美しい夕暮れの一瞬が、ユノの瞳をまばゆく照らしていく。
「魔法のように美しい時間。夕暮れ時のことを、そう呼ぶんだそうです。……今のイングレスでは、この言葉を使うことも出来ませんが」
その言葉は、マークの胸をぎゅっとつかんで離さない。
「もうすぐですよ」
マジックアワーには、まだ続きがあるようだった。もう十分に美しいのに、とマークは視線を海の方へと向ける。

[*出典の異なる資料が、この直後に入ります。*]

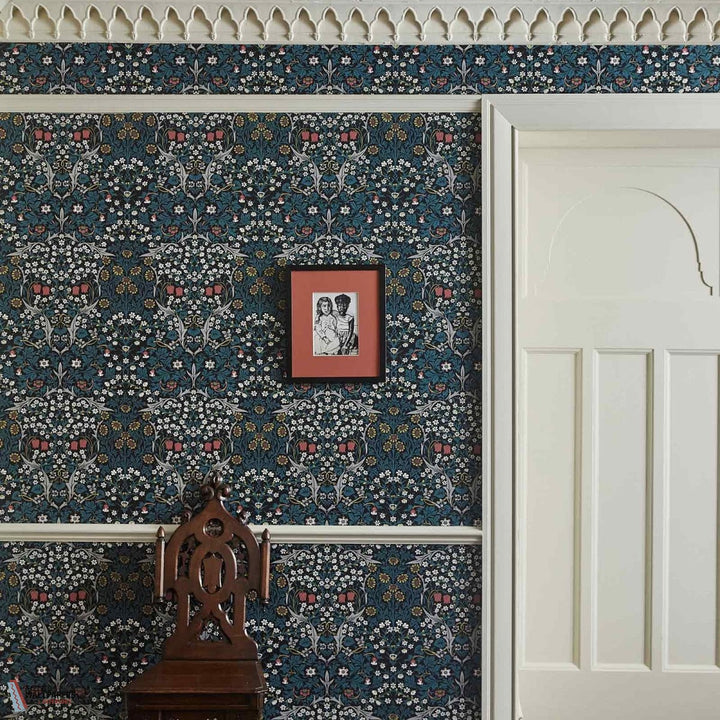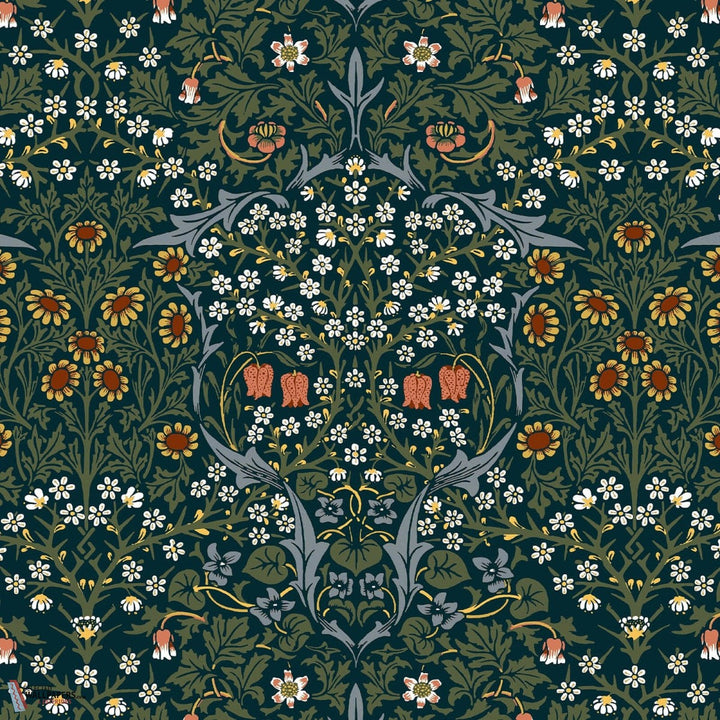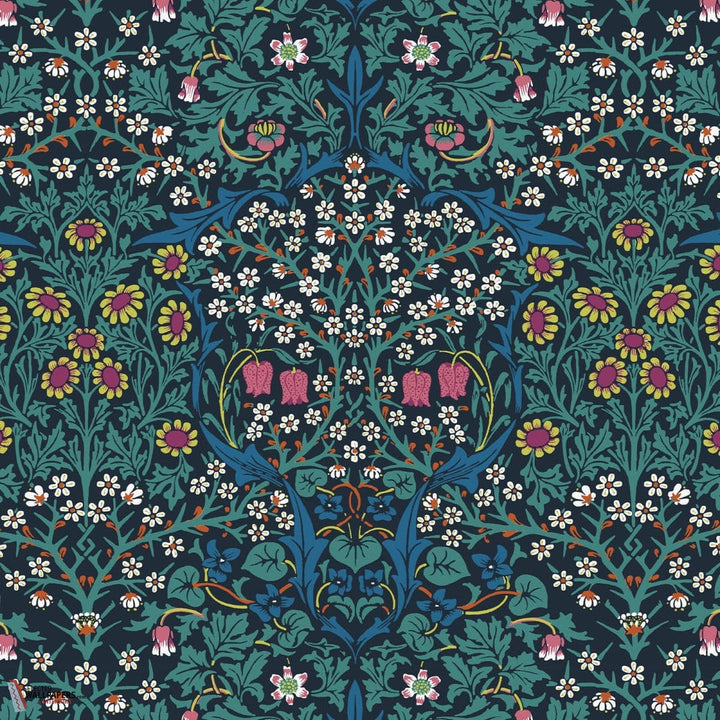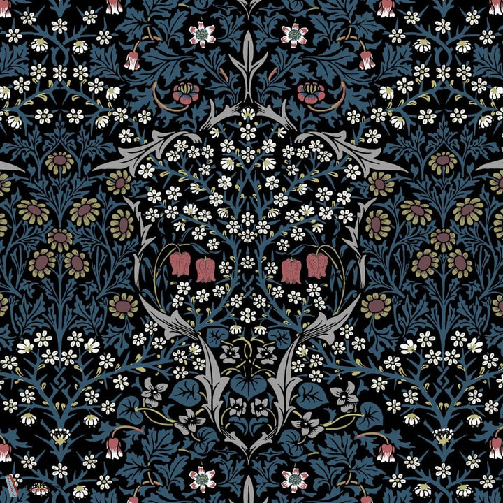 Blackthorn behang House of Hackney. Dit behang is onderdeel van de William Morris collectie. De Art Nouveau print met meidoorns, madeliefjes, tulpen en gebladerte in sprekende kleurstellingen. Behang Blackthorn House of Hackney
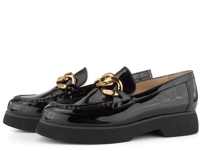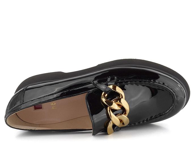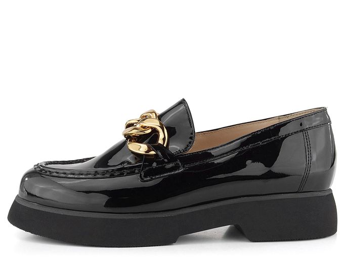 Elegantní dámské mokasíny od značky Högl jsou ideální volbou pro podzimní a zimní sezónu. Tyto boty zaujmou svým módním mokasínovým stylem s kulatou špičkou a prémiovou hladkou kůží v lakované úpravě. Černá barva dodává botám nadčasový vzhled, který je umocněn nártem ozdobeným kovovým řetízkem ve zlaté barvě. Uvnitř najdete celokoženou podšívku, která je příjemně poddajná a měkkou koženou stélku pro maximální komfort. Semišový vyztužený opatek a vysoká platforma s nízkým 3,5 cm podpatkem zajišťují stabilitu a pohodlí při každém kroku. Tyto mokasíny jsou vyrobeny lepeným výrobním způsobem, což přispívá k jejich trvanlivosti. Poznámka: při nošení obuvi může dojít k přirozenému zvrásnění materiálu v namáhaných místech, což je typická vlastnost materiálu, nikoliv jeho vada. Vyberte si kvalitu, která vydrží a dodá vašemu outfitu šmrnc.
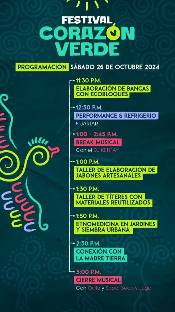 Al finalizar los talleres, a partir de las 12:30 p.m., se presentará el performance “Jartar” y se ofrecerá un refrigerio. Entre la 1:00 p.m. y las 2:45 p.m., los asistentes podrán disfrutar de la música del DJ Kenfay y participar en diversos talleres: elaboración de jabones artesanales (a cargo de El Zulia Recicla), creación de títeres con materiales reutilizados (organizado por el Taller de Arte Especial), etnomedicina en jardines y siembra urbana (con Casa Botánica) y conexión corporal con la Madre Tierra (con Épale Conéctate). El cierre del festival estará a cargo de los grupos musicales Orillas y Sopa, Seco y Jugo.

先ほどまで、あんなにも黄金に溶けていた海は、濃紺へと色を変えていく。
刻一刻と変化していく世界の色が、ユノとマークの二人を包む。
「この時間、この瞬間が、一番好きなんです」
ユノは、風で舞い上がる自らの髪を、優しくすくい取る。その隙間から覗く瞳は、夜空のように穏やかだった。
日が沈み、一瞬にしてとばりが下りる空。
海は、そんな空を写し取ったかのように、深く、深く、どこまでも光を吸い込んでいく。
空と海の境目がなくなり、ユノの瞳と髪色が世界に溶けていく。
――これから先、一生とけることのない魔法にかけられた。
マークは思う。たとえ、ロンドに戻っても、今まで通りの日常生活に戻ることはできないだろう、と。
昼間よりも濃い空の青。
海との隙間に見える水平線が、その瞬間だけはゴールドに。
水平線を照らす残光がふっと消えた瞬間――風に吹かれて、ユノの羽織っていたバイオレットのローブがふわりと舞い上がる。
――魔法。
マークはその瞬間、その言葉の本当の意味を理解したような気がした。
気づけば、空を流れる雲は落ち着きを取り戻し、海を踊る波は静かに凪いでいる。
「ふふ、すごいでしょう?」
この世界のすべてを閉じ込めた宝石の瞳。そこには今、一番星が輝いていた。